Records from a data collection
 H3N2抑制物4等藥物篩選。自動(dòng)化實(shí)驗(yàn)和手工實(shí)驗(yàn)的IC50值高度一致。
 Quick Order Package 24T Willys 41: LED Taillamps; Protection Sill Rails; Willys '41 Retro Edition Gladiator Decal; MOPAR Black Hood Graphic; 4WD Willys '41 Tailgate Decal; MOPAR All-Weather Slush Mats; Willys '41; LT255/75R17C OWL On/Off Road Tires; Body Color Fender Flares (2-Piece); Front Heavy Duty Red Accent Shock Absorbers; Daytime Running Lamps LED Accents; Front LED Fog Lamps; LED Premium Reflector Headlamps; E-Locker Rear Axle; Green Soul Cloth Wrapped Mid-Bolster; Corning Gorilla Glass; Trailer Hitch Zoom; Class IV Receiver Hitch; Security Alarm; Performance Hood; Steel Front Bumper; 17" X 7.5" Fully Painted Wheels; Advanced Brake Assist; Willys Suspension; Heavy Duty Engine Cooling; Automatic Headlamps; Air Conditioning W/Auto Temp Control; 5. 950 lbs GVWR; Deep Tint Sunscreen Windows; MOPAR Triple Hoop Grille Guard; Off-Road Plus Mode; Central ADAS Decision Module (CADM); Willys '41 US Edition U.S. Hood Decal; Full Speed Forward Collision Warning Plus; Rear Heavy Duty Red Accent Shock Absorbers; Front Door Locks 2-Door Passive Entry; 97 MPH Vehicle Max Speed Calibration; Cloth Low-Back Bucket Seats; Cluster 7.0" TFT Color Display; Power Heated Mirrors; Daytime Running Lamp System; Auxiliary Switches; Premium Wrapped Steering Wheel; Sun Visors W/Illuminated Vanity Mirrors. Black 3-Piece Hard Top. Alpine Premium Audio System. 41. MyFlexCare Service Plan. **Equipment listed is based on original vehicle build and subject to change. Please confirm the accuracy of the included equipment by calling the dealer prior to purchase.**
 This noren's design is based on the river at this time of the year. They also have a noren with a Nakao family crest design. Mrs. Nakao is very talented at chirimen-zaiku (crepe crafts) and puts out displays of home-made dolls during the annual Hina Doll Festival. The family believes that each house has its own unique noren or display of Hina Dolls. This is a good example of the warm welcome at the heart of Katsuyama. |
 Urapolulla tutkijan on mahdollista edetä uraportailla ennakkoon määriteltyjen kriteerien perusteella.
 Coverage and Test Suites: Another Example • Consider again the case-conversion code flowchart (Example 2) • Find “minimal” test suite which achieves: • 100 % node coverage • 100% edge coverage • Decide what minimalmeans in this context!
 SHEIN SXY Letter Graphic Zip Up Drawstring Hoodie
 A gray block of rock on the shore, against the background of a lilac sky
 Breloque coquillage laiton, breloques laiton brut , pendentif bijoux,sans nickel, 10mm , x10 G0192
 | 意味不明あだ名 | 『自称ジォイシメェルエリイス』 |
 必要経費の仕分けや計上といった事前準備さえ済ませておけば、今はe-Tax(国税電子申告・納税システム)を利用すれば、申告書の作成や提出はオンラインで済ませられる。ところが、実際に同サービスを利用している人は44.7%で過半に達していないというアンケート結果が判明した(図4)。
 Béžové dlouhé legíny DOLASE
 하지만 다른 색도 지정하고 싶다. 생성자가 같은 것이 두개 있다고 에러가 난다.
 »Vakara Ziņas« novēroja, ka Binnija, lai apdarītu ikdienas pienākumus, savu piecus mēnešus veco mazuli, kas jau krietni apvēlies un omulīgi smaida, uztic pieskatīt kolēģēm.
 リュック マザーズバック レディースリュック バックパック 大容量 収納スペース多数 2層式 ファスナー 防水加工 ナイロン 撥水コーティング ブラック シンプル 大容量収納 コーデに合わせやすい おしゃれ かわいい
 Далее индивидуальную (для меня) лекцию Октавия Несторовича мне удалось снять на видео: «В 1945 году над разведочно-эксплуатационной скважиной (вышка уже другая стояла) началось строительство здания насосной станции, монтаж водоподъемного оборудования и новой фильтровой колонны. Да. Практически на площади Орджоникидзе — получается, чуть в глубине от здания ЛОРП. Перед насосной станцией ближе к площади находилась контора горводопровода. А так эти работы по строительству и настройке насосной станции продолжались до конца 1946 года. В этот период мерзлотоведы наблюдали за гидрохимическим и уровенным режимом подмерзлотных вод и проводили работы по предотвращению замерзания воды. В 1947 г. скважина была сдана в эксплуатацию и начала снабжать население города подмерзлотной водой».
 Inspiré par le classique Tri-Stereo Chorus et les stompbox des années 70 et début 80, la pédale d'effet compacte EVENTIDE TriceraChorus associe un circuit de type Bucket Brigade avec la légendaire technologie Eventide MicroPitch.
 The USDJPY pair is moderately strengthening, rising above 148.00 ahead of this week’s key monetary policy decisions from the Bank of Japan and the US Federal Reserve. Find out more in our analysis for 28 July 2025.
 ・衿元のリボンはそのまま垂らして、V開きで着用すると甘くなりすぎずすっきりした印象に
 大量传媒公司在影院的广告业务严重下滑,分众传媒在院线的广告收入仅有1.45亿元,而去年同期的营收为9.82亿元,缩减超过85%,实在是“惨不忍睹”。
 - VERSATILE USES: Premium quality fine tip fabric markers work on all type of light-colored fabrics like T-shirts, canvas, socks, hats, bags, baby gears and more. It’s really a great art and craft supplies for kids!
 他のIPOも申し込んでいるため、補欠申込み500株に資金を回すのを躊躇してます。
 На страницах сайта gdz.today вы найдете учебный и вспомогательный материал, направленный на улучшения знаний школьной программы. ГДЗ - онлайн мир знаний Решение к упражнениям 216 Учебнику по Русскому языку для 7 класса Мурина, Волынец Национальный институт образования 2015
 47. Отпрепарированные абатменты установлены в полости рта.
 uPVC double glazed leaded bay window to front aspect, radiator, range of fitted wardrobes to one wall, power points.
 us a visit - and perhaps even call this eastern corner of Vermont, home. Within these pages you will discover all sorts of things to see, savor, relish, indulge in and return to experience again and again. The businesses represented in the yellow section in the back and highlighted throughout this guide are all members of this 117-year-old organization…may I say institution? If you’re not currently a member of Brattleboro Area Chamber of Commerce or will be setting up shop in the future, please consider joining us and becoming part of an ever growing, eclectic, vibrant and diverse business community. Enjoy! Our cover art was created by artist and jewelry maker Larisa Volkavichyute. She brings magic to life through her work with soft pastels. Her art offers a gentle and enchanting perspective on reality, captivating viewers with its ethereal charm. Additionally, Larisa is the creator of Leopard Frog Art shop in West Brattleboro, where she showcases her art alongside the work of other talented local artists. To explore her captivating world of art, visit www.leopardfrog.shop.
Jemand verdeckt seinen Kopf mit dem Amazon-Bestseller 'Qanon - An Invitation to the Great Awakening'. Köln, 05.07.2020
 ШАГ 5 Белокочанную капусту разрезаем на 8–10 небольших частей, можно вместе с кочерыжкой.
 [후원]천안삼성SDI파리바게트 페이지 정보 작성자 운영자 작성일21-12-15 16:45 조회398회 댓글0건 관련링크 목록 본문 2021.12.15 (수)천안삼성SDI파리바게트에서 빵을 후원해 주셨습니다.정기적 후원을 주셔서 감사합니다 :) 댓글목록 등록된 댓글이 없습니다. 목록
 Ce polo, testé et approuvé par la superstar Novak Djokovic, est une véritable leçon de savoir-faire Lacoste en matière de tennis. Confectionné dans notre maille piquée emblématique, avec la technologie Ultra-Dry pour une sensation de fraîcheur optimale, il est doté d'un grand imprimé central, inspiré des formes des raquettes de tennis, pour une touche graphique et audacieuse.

— Exercise brief —
Each line above with the string "avec" should be reported in full.

— Task solution —
 Inspiré par le classique Tri-Stereo Chorus et les stompbox des années 70 et début 80, la pédale d'effet compacte EVENTIDE TriceraChorus associe un circuit de type Bucket Brigade avec la légendaire technologie Eventide MicroPitch.
 Ce polo, testé et approuvé par la superstar Novak Djokovic, est une véritable leçon de savoir-faire Lacoste en matière de tennis. Confectionné dans notre maille piquée emblématique, avec la technologie Ultra-Dry pour une sensation de fraîcheur optimale, il est doté d'un grand imprimé central, inspiré des formes des raquettes de tennis, pour une touche graphique et audacieuse.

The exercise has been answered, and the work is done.